Comino’s iconic hotel is getting a radical facelift, with the project’s architects aiming to showcase sustainable design and architecture that respects the natural environment, all while generating a zero-carbon footprint.
Taking inspiration from the striking yellow stone of the island, the new hotel, which will have 70 rooms, would nestle into the topography of Comino, with trees that reflect the biodiversity of the surrounding environment. The pool area is built to reflect salt pans found across Malta and Gozo.
Bungalows, which rest along Santa Marija Bay, will change into roughly 20 low-lying three-bedroom villas resembling white blocks, taking inspiration from sites across the Mediterranean. A restaurant will also be built.
The rooms and residences will be mixed between short and long leases. No units will be sold. It will take two years to complete with Hili Ventures dishing out a €110 million to €120 million investment.
Unveiling the plans to the press, Hili Ventures’ architects, Belvedere Architecture, made it clear they were looking at the project as a natural continuation in the island and were keen to transform the architectural debate in Malta.
The project aims to ensure sustainability, with respect for nature a core design principle.

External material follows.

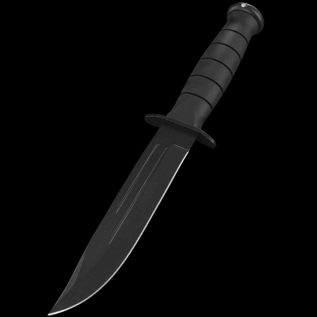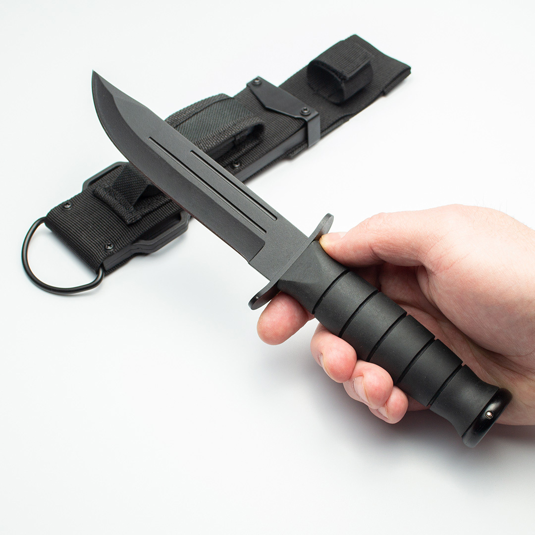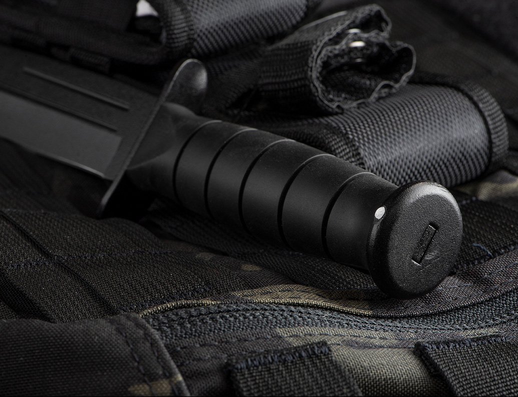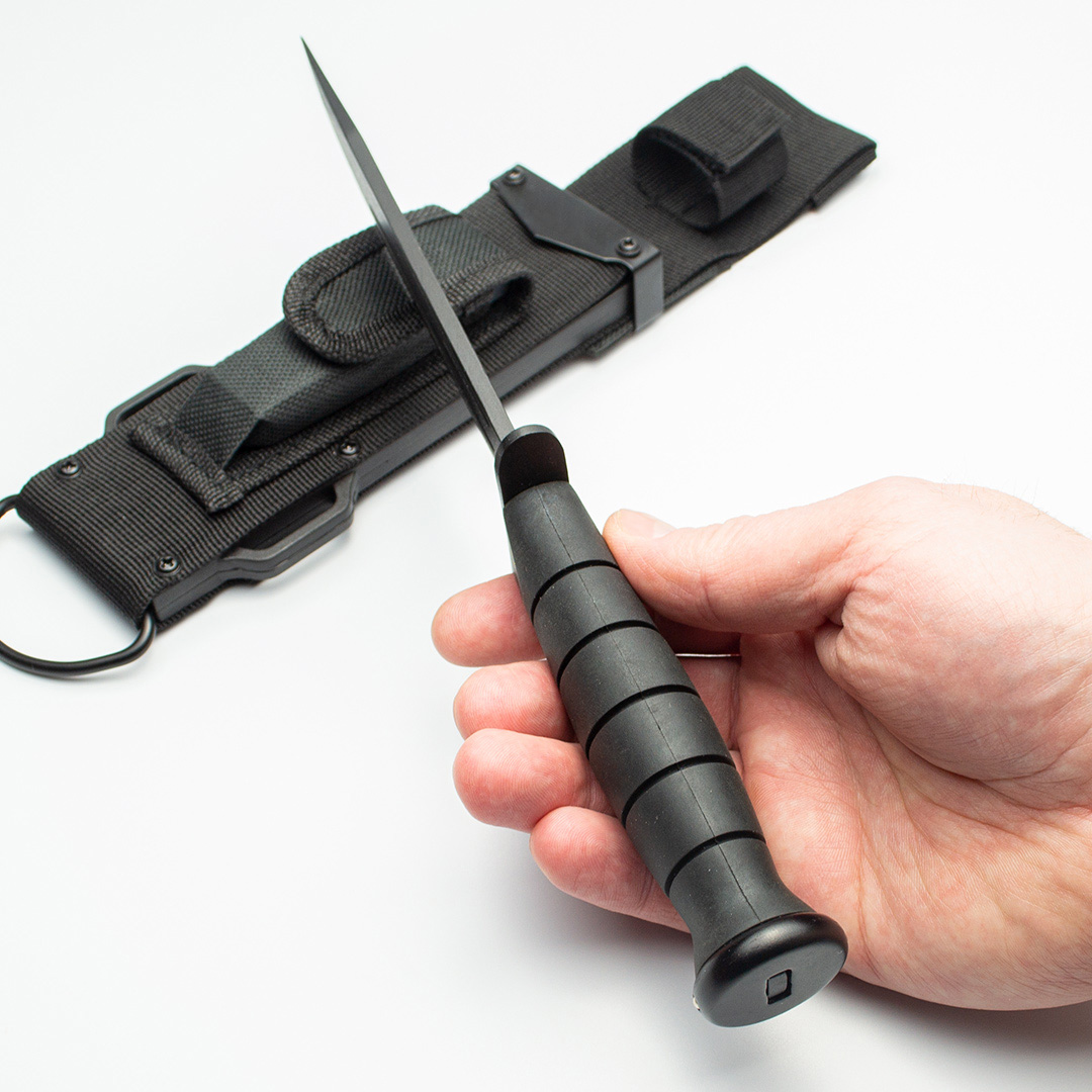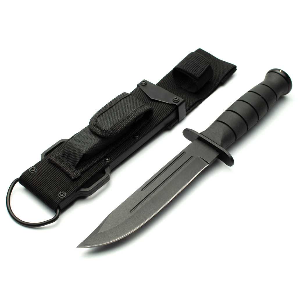 Nóż wojskowy o stałej głowni, wykonany z wysokojakościowej stali nierdzewnej oraz tworzywa.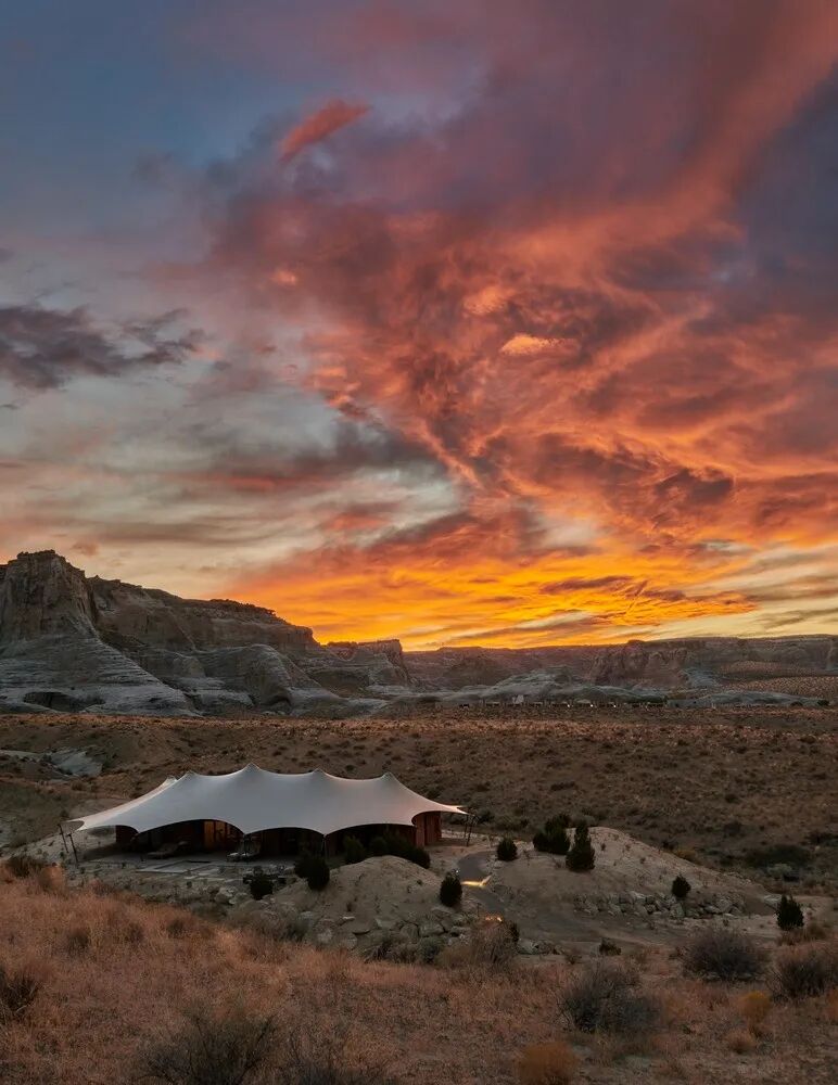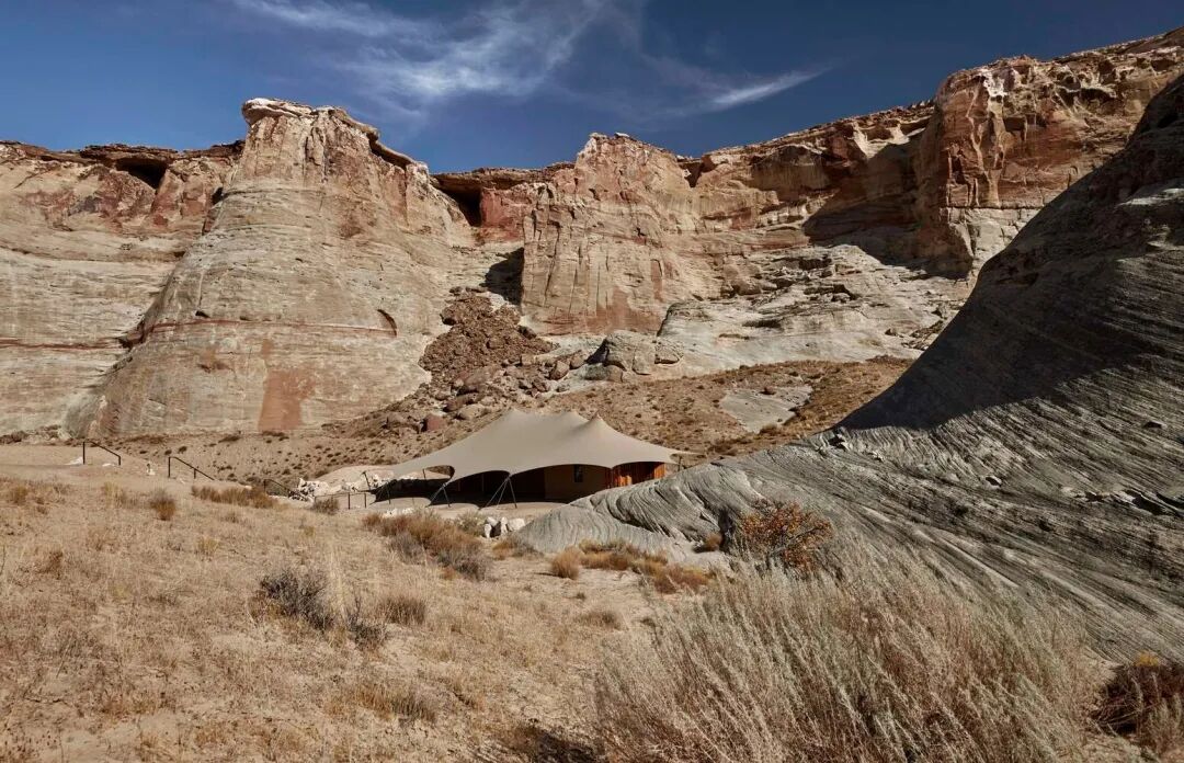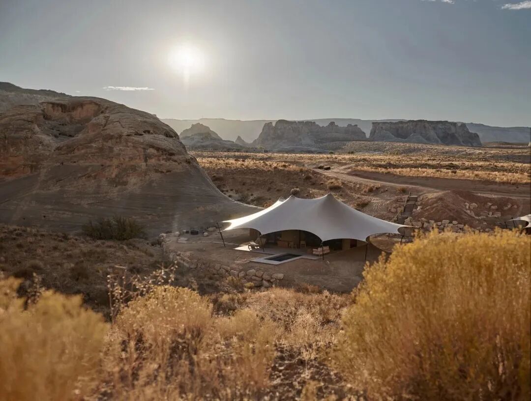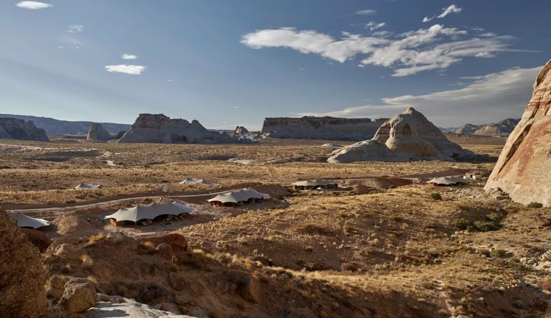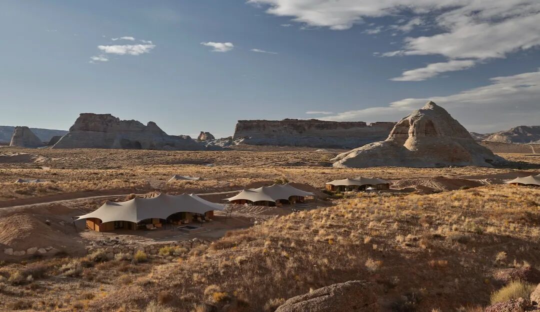 项目坐落于犹他州南部。这是北美有史以来第一个全天候、全年开放的营地,这里共有 10 个豪华帐篷,依偎在犹他州巨大的台地脚下。

All construction will be prefabricated, with the restoration of terrain and biodiversity also on the agenda. An on-site sewage plant will be constructed, with an area behind the chapel targeted.
They hope that throughout construction and operation, the hotel will keep a zero-carbon footprint.
The actual floor plan, they say, will be far less than what is already being occupied. At the site of the hotel, more than 3,000 square metres of terrain will be restored, with reservoirs and other crucial services for the hotel going underground.
The architects have proposed other projects around the island, which would help showcase the island in its entirety.
While they made it clear these suggestions are simply contributions and not part of their permit, the architects proposed cleaning up paths across Comino. This will include developing signage, creating seating spots, and restoring buildings on the island.
Blue Lagoon should also be changed, they say, with a greater focus on preservation and management of the area, providing a clear distinction between what architects described as “the sacred” and “the profane”.
A floating pontoon, they propose, should be constructed to move away kiosks and other commercial activities away from the island. The pontoon will be removed at the end of every season.
The pig farm, lying on the south of the island, should be converted into a solar farm and botanical gardens. While noting the limitations of introducing a solar farm on the island, the architects said it would allow Comino to be entirely self-sufficient.